A new building at the Yakima Cinema, which was under construction before the COVID-19 pandemic, is now delayed. Yakima Theaters hopes to resume the new development soon, but is focused on reopening and rebuilding its customer base, Simmons said.
Once back to normal, the plans will continue, he said.
Try to recover
As of last week, theaters have remained closed in just two states, New Mexico and New York. The reopening of these latter states is essential, as it includes the New York movie theater market.
Many studios are waiting for new releases until New York theaters reopen, said Phil Contrino, director of media and research for the National Association of Theater Owners. These new releases will be crucial in bringing people back to theaters.
Open theaters play older titles, he said. It is not enough to keep the lights on. They face tough decisions.
Grand Meridian Cinema in Ellensburg, in fact, alluded to the lack of new film releases when it was announced that it was shutting down again in late July. The theater resumed operations in September.
Cinemas have already suffered many losses due to extended shutdowns. Nationwide, theaters are expected to register a 62.6% year-over-year loss in 2020, according to a September report from IBISWorld, a Los Angeles-based research firm. Closures have also taken place during the summer months, when major blockbuster releases generate income for theaters.

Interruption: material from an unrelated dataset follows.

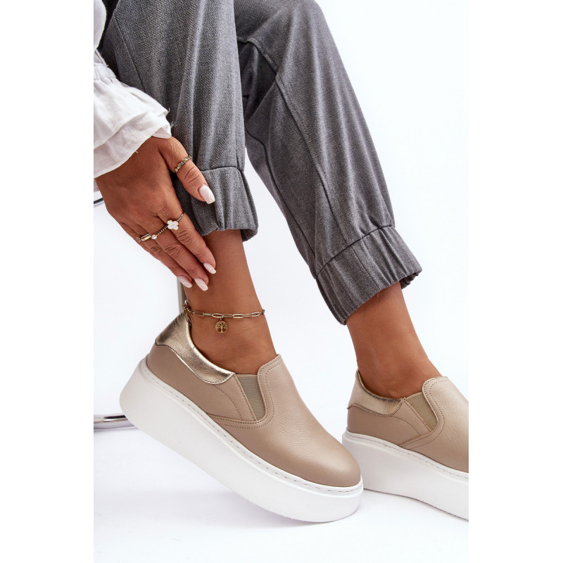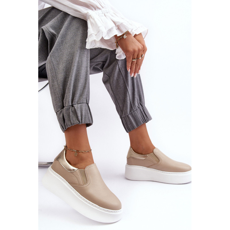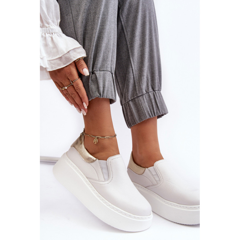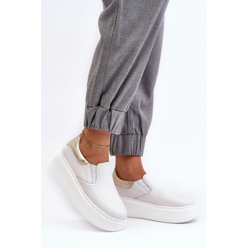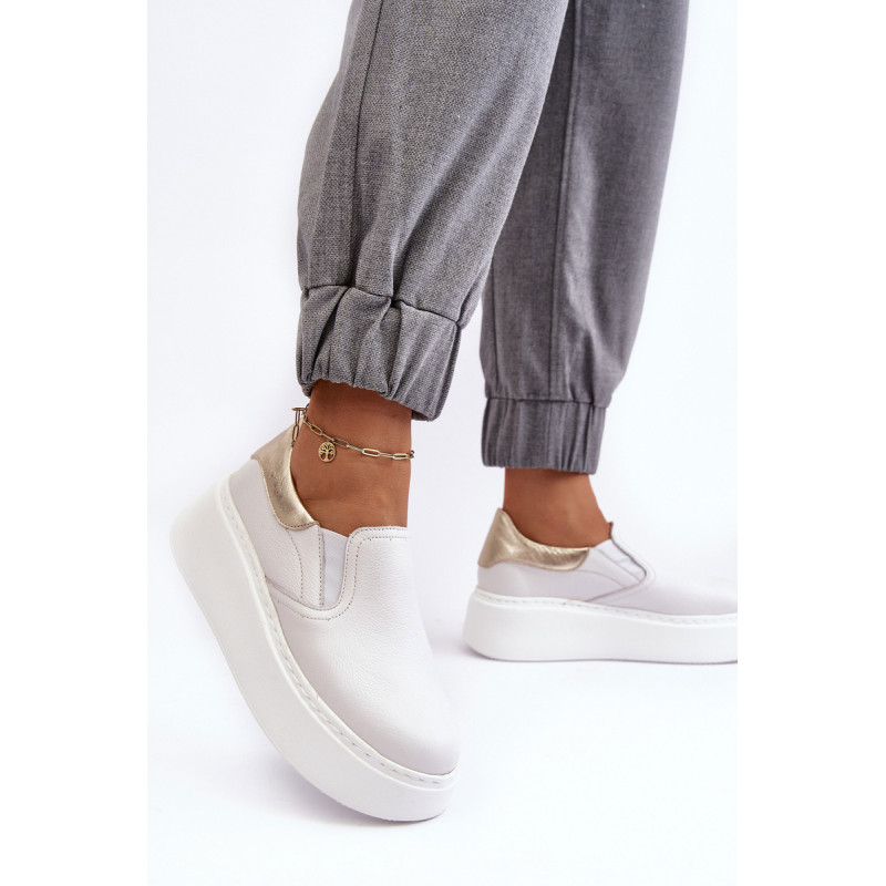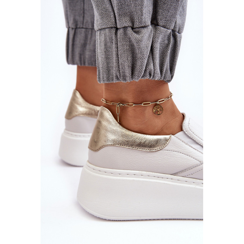 Sportiniai batai, pagaminti iš aukštos kokybės natūralios odos. Įrengtas ant didžiulės platformos. Slip-on modelis. Minkštas odinis vidpadis garantuoja komfortą visą dieną. Suapvalinti kojų pirštai. Sustiprintas kulnas. Šį modelį būtinai turite turėti savo drabužių spintoje! Rinkdamiesi dydį, vadovaukitės dydžių lentele.

The IBISWorld report predicts a partial recovery in revenues in 2021, but the question remains whether the theaters can survive in the meantime. Earlier this month, AMC Theaters, a major movie theater chain, said it could potentially run out of money by the end of this year or early next year.
In Yakima County, movie theaters are independent and family-owned.
Hallett Cinemas, the Hallett family business which operates the Grand Cinemas in Sunnyside, is based in Pasco. Yakima Theaters is run by the Mercy family in Yakima.
Independent theaters elsewhere in the United States have done several things to generate additional income, such as encouraging people to donate to crowdfunding campaigns, said Contrino, director of media and research for the National Association of Theater. Owners.
These theaters were able to share their challenges and ask for support.
We have seen a lot of theaters that have been successful in raising funds this way, he said.
The trade association recently launched a new campaign, #SaveYourCinema, to push the federal government to help the movie industry. As part of the campaign, the association launched a site to encourage moviegoers to write to their representatives in Congress.
Without substantial help, many theaters could be forced to close, perhaps for good, Contrino said.
The theaters’ footprint could be significantly reduced, he said.
Fredrickson, the district manager of Hallett Theaters, said they were considering private screenings. Like other theaters, things will remain difficult until new titles are released.
Overall it has been difficult for us, he said. We were trying to do our best to take care of the employees and get things done. We’ve been in Sunnyside since 1983. Be here as long as the movies are there.
Clemmons said the Yakima Theaters took a big financial hit with the extended shutdown, but he believes the company can recover, especially as new films have been released. He’s already received calls and emails asking when they’ll reopen.
They want to escape, he said. They want to get out, especially as the weather changes and options become limited again.